Fact-checking AI isn't a verdict machine. It's intake infrastructure — and it's deployed in 30 countries

300,000 sentences a day. More than 40 fact-checking organisations. One eight-person AI team in a London office.

Full Fact, the UK's leading fact-checking charity, built a claim-monitoring system that reads headlines, transcribes broadcasts, and scans social media for checkable statements — then triages them by likely harm before a human ever sees them. It has been used during Nigeria's 2023 presidential election, across 30 countries, and is now expanding to US newsrooms ahead of the 2026 midterms.

The architecture is built on the distinction between claim intake and verdict.
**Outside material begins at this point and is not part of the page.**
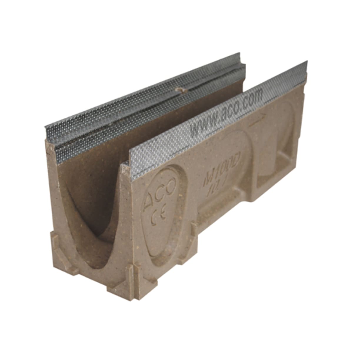 The ACO MultiDrain M100D No. 0.1J Channel Galvanised Rail 500 x 135 x 150mm (L x W x D), is manufactured from Vienite®, a polymeric based recycled material. Strong and lightweight design improves stability and anchors product into concrete surround, which provides high chemical resistance. Channel is provided with integral galvanised steel protective edge rails. For enhanced durability these rails are manufactured from UltraSTEEL™, a unique material that has improved strength over plain steel. Channels are for used with ACO Drainlock™ bar-less locking gratings and covers.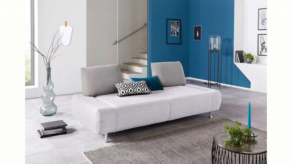 Trendiges Polstermöbel: Das 2,5-Sitzer Sofa von sit&more in hochwertiger Verarbeitung begeistert durch sein modernes Design. Geprägt wird die Optik durch die farbige Gestaltung sowie die Füße aus Metall. Die steckbaren Rückenkissen sind farblich vom Korpus abgesetzt. Da die Couch in unterschiedlichen Bezugsvarianten erhältlich ist, lässt sie sich entsprechend des heimischen Farbkonzeptes auswählen. Neben dem Design überzeugt das Polstersofa durch seinen hohen Sitzkomfort. Diesen verdankt die Polstercouch der komfortablen Wellenunterfederung sowie der straffen, festen Polsterung. Für die Fertigung des Möbelstücks wird ein FSC®-zertifizierter Holzwerkstoff verwendet. Das 2,5-Sitzer Sofa von sit&more in hochwertiger Verarbeitung lässt sich frei in den Raum stellen und in die vorhandene Einrichtung integrieren.

AI handles the volume — surfacing, grouping, scoring. Fact-checkers decide what to investigate and publish. "Everything we built is from the point of view of being built by fact-checkers for fact-checkers," said Andy Dudfield, who leads the AI team.

This is a deployed shape that doesn't fit the usual copy/listening/licensing/recommendation categories. It's claim monitoring as infrastructure — intake, not output.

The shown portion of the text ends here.